Terror of the Autons is the first serial of the eighth season of the British science fiction television series Doctor Who. It was broadcast in four weekly parts on BBC1 from 2 to 23 January 1971.

The serial is set in various locations in England. In the serial, the alien time traveller the Third Doctor (Jon Pertwee) and the organisation UNIT work to stop the Master (Roger Delgado), a renegade Time Lord, from using a radio telescope to summon an invasion force of the incorporeal intelligence the Nestenes to Earth.

The serial introduced three new characters: the Doctor's new companion, Jo Grant (played by Katy Manning); his archenemy the Master; and Captain Mike Yates (Richard Franklin).

Plot

The Master arrives on Earth and steals the sole surviving Nestene energy unit from the National Space Museum. He then hijacks the Beacon Hill radio telescope, which he uses as a bridgehead to channel energy into the Nestene unit, and kidnaps Professor Philips, a Ministry of Technology research scientist. Reports of the theft and sabotage bring the Doctor, his new assistant Jo Grant and Brigadier Lethbridge-Stewart to investigate. At Beacon Hill the Doctor encounters a fellow Time Lord, who warns him that an "old acquaintance" is on Earth and will certainly try to kill him. The Doctor then identifies and successfully neutralises the boobytrap, which the Master has left behind.

The Master takes over Farrel Autoplastics, a nearby plastics factory, to build Autons. Jo, investigating the factory, is discovered by the Master, who hypnotises her and wipes her memory of their meeting. He sends her back to UNIT with a booby-trap, a box ostensibly containing the stolen energy unit. The Doctor realises she has been hypnotised and disposes of the bomb.

UNIT traces the missing Professor Philips to Rossini's Circus at Tarminster. The Doctor visits the Circus, and is captured by Rossini, but freed by Jo, who has followed him there against orders. The Doctor removes something from the Master's TARDIS but is attacked by Rossini and his men. Rescued by two policemen, the Doctor becomes suspicious and unmasks one of them as an Auton.

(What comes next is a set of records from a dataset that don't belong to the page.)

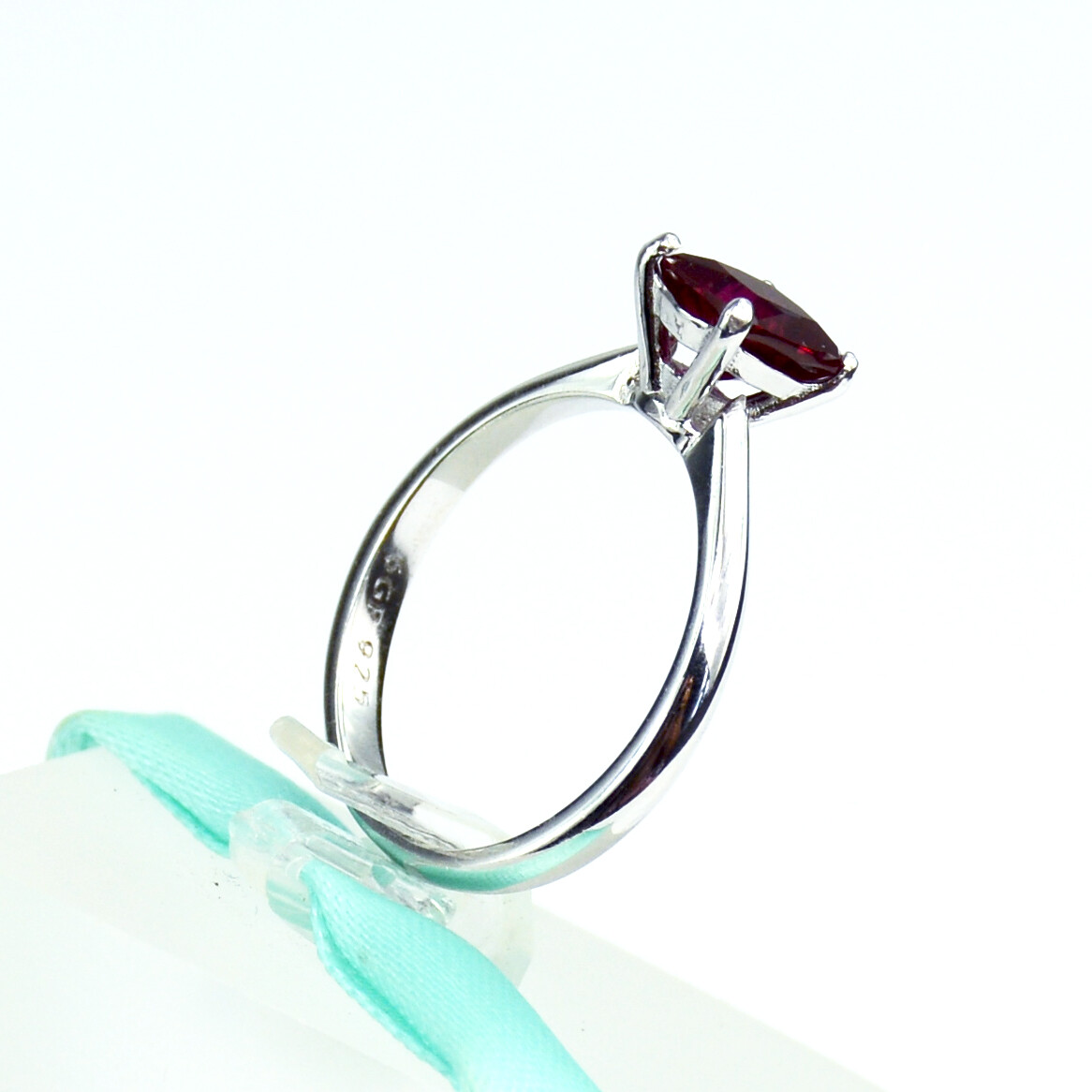как выглядит Solitaire Square Red Ruby 925 Sterling Silver Engagement Ring фото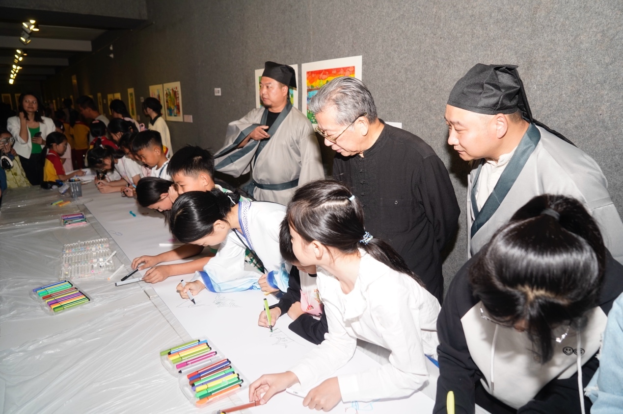 行径临了,在许钦松教会的率领下,获奖小选手们都聚一堂,共同创作以《三字经》为主题的长卷。孩子们挥毫泼墨,将对传统文化的阐发和对艺术的珍视倾注于笔端,展现出新时期少年儿童的创造力和联想力。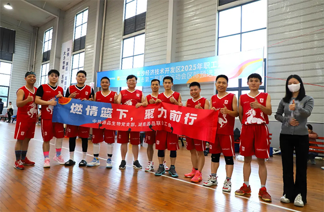 近日,2025年长沙经开区职工篮球联赛火热开赛。由中共湖南源品细胞生物科技有限公司联合支部委员会、湖南源品联合工会组建的源品生物篮球队,在赛场上全力以赴、奋勇拼搏,用汗水诠释信念,用团结书写精彩!

Fleeing from the Autons, the Doctor and Jo hide in a quarry until the Brigadier and Captain Mike Yates arrive. A firefight breaks out between the soldiers and the Autons, enabling the Doctor's party to escape. Meanwhile, a larger group of Autons, disguised in weird Carnival masks, are touring the country handing out free plastic daffodils to the public. Soon deaths from asphyxiation, shock, and heart failure are being reported all across the country.

The Master infiltrates UNIT headquarters disguised as a telephone engineer, and installs an extra-long telephone flex in the Doctor's laboratory. At the now-empty plastics factory, the Brigadier and the Doctor discover that Farrel, the owner, has chartered a coach. They also find a plastic daffodil, and a lurking killer Auton, proving the connection between the factory and the Master.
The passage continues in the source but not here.